Date : 20021210
Dossier : T-815-01
Référence neutre : 2002 CFPI 1285
ENTRE :
LIFEGEAR, INC.
et PRIDE INTERNATIONAL INC.
demanderesses
- et -
URUS INDUSTRIAL CORPORATION
défenderesse
(rendus à l'audience, à Toronto (Ontario),
le 6 décembre 2002)
[1] La demanderesse présente une requête afin d'obtenir un jugement sommaire relativement à une partie substantielle de sa demande et le rejet de la demande reconventionnelle de la défenderesse.
[2] Il s'agit d'une action pour contrefaçon de marque de commerce. La demanderesse est propriétaire de deux marques déposées au Canada, l'une étant la composante principale de sa dénomination sociale « Lifegear » , et l'autre le mot « Saturne » .
[3] La demanderesse a conclu avec la défenderesse une entente de distribution au Canada d'un équipement sportif, soit l'appareil d'entraînement elliptique Saturne. La défenderesse devait être le seul distributeur de cet appareil au Canada. Il existe entre les parties, du moins si l'on en croit les documents dont j'ai été saisi relativement à cette requête, un véritable litige quant à savoir si l'une ou l'autre, ou peut-être même les deux, ont manqué à leurs obligations contractuelles et si l'entente a été dûment résiliée ou non par la demanderesse.
[4] La défenderesse a vendu et continuerait de vendre au Canada des appareils d'entraînement elliptique qui n'ont pas été fabriqués par la demanderesse et qui portent la marque de commerce « Saturne » . Ce fait n'est pas contesté, mais reconnu par la défenderesse. Bien que la demanderesse fonde sa demande sur les alinéas 7b) et c) de la Loi sur les marques de commerce, ainsi que sur l'article 19, et même si elle allègue la contrefaçon des marques « Lifegear » et « Saturne » , je ne suis saisi d'aucune preuve concernant l'achalandage, la réputation, la confusion ou même l'existence de marques de commerce non déposées lui appartenant et, dans ces circonstances, il m'est impossible de rendre un jugement sommaire pour les allégations fondées sur l'article 7. La demanderesse n'a pas non plus produit une preuve de la violation, par la défenderesse, de sa marque « Lifegear » , de sorte qu'un jugement sommaire ne peut pas non plus être accordé quant à cette partie de la demande.
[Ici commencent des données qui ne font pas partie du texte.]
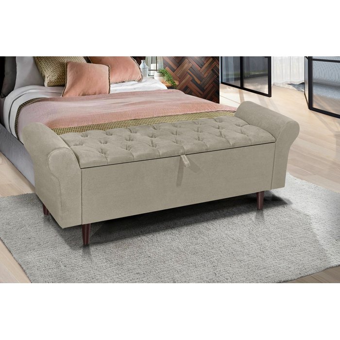 Recamier Báu Para Cama Casal 150 Cm Pés Palito Retro Bege Bege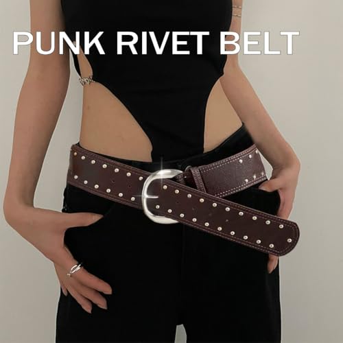 More information about Women Punk Studded Leather Belt Rock Rivet Wide Belt for Dress Pants Cowgirl Thick Belts Metal Buckle Chunky Belts
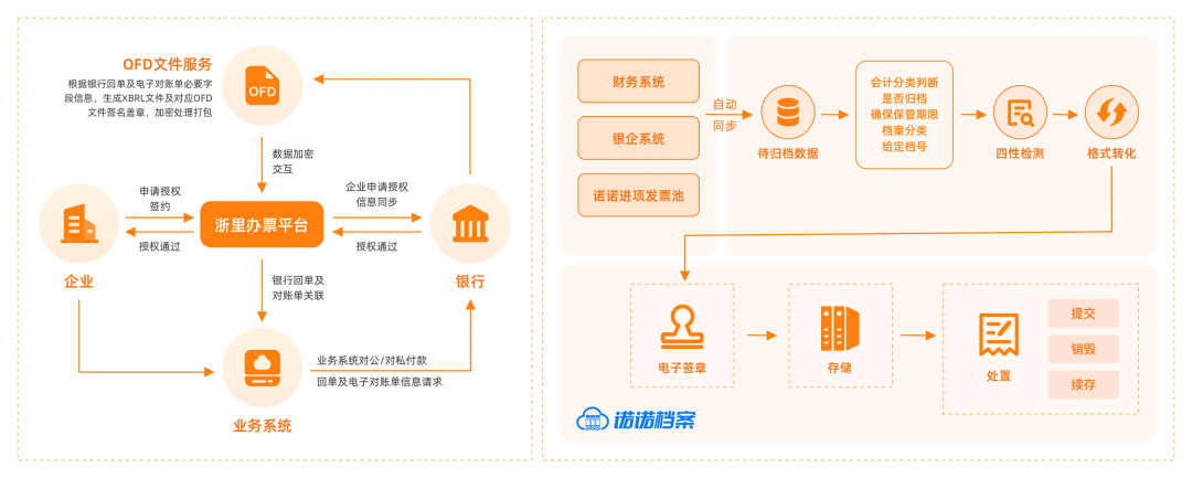 随着国家大力推广应用电子凭证会计数据标准的背景下,五芳斋积极响应国家政策导向,把握机遇,培育新质生产力,引入诺诺网“无纸化电子会计档案解决方案”。本次合作中,诺诺网为五芳斋提供与浙里办票平台和银行互联互通平台对接功能,同时帮助其实现电子凭证从获取、解析、入账、归档的全链路自动化处理,打通财务、报销、回单与档案系统,显著提升其业财及档案管理效率,进一步推动企业财务数智化转型。

[5] Il en va cependant autrement de la marque déposée « Saturne » et de l'allégation fondée sur l'article 19. Je le répète, la défenderesse reconnaît l'emploi de la marque « Saturne » en liaison avec la vente et la distribution au Canada de marchandises qui n'ont été ni fabriquées ni fournies par la demanderesse. Elle invoque principalement en défense, si je comprends bien, l'apparence de droit. Elle soutient que l'entente de distribution lui confère un droit de propriété sur la marque « Saturne » déposée au Canada. Je peux seulement dire que, à mon sens, ce n'est manifestement pas le cas. Il est bien établi en droit que le distributeur, du seul fait qu'il se voit confier la distribution d'un produit, n'acquiert aucun droit de propriété sur les marques de commerce des marchandises dont il assure la distribution. Ces marques continuent d'appartenir à leur propriétaire, qui est en général le fabricant.
[6] En outre, bien qu'il soit évidemment possible qu'un accord de distribution confère au distributeur un droit de propriété sur les marques de commerce du fabricant, il est parfaitement clair que ce n'est pas le cas en l'espèce. L'entente ne renferme tout simplement pas de clause susceptible d'être interprétée en ce sens.
[7] La défenderesse fait valoir à titre subsidiaire que la demanderesse a consenti à l'emploi de sa marque déposée « Saturne » . Selon moi, la preuve y afférente, qui est très ténue, ne soulève même pas une question litigieuse. Si la demanderesse a consenti à quoi que ce soit lorsque les rapports entre les parties ont commencé à se détériorer, et je ne tire aucune conclusion à cet égard, ce n'était pas à l'emploi par la défenderesse de sa marque « Saturne » déposée au Canada. Cela étant, la demande reconventionnelle, qui s'appuie sur les atteintes alléguées de la demanderesse aux droits de la défenderesse sur la marque « Saturne » , devra être rejetée dans le cadre de la présente requête en jugement sommaire.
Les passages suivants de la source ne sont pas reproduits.